The Afternoon Despatch & Courier was an evening tabloid in Mumbai, India. The newspaper was launched by Behram Contractor, better known as "Busybee", on 25 March 1985.

This newspaper served as a launch pad for several well-known journalists in India. The Afternoon Despatch & Courier concentrates on news and features from Mumbai and the adjoining cities.

Kamal Morarka - former union minister and businessman and national president of the Samajwadi Janata Party Chandrashekhar, was the chairman of the board of directors of this newspaper held by company - Courier Publications Pvt. Ltd.

The editorial quality of this newspaper was unparalleled, with a strong emphasis on language that set it apart. As a result, 'Afternoon' garnered a vast and diverse readership, built on a foundation of high credibility. The newspaper featured specialized sections on different days: 'Style' on Mondays, 'Business Extra' on Tuesdays, 'Bombay First' on Wednesdays, 'Woman's Extra' on Thursdays, 'In Touch' for the youth and Bollywood on Fridays, and 'Health' on Saturdays.

The roster of regular contributors was a veritable 'Who's Who' of the journalistic world, featuring names like Dom Moraes, Manohar Malgaonkar, M. J. Akbar, Vir Sanghvi, Tavleen Singh, Arun Shourie, Maneka Gandhi, Khushwant Singh, Kuldip Nayar, Inder Malhotra, J. B. D'Souza, M. V. Kamath, Arati Jerath, and many others.
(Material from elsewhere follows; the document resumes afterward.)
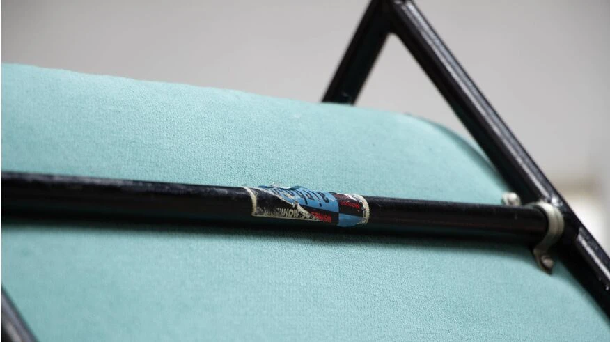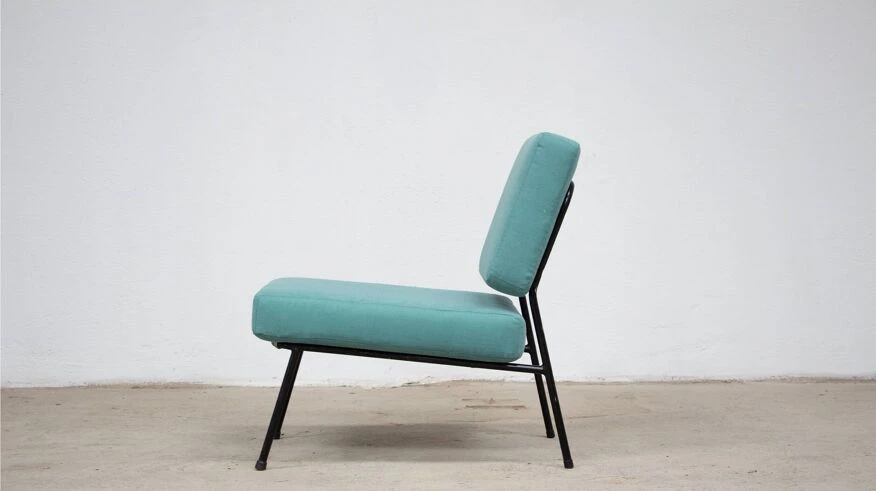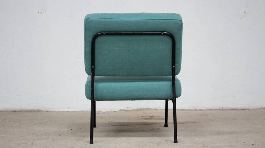 Armchair by Pierre Guariche (1926-1995) for the publisher Airborne in the 1950s. Complete restoration by professional upholsterer: HR 35 foam, thick wadding. High-end cotton/linen fabric from the French brand Casamance in storm green color, inspired by the pattern and texture of tweed with its herringbone weave. Removable cover with upholstery. Structure in black lacquered round steel tube curved on the backrest. The structure is original with its patina of use. Excellent condition. Airborne sticker present on a tube under the seat. Light and comfortable, it will find its place even in the smallest spaces. Dimensions: Height: 75 cm Seat Height: 39 cm Length: 55 cm Depth: 75 cm

The front page also showcased a pocket cartoon by the renowned cartoonist and artist, the late Mario Miranda.

Anant Rao Kanangi served as associate editor until the newspaper ceased publication. Notable editors like Mark Manuel, Ramesh Prabhu, and Sharad Kotnis had long and impactful tenures with the publication. Farzana Contractor once held the position of CEO, while Carol Andrade was the last full-time editor. Shashikant Jadhav was the printer-publisher.

The reporting team consisted of highly trained and experienced journalists, led by the then chief reporter Indira Rodericks. The team of photographers was efficiently managed by Chief Photographer Anthony Azavedo and Vishwanath Salian. Philip Varghese served as the final chief reporter when the publication ceased printing in 2019.

The newspaper started publishing from its initial office at Sewri, then 'Afternoon House' at Flora Fountain and ceased publication since July, 2019 from its last office at Janmabhoomi Bhavan, Fort.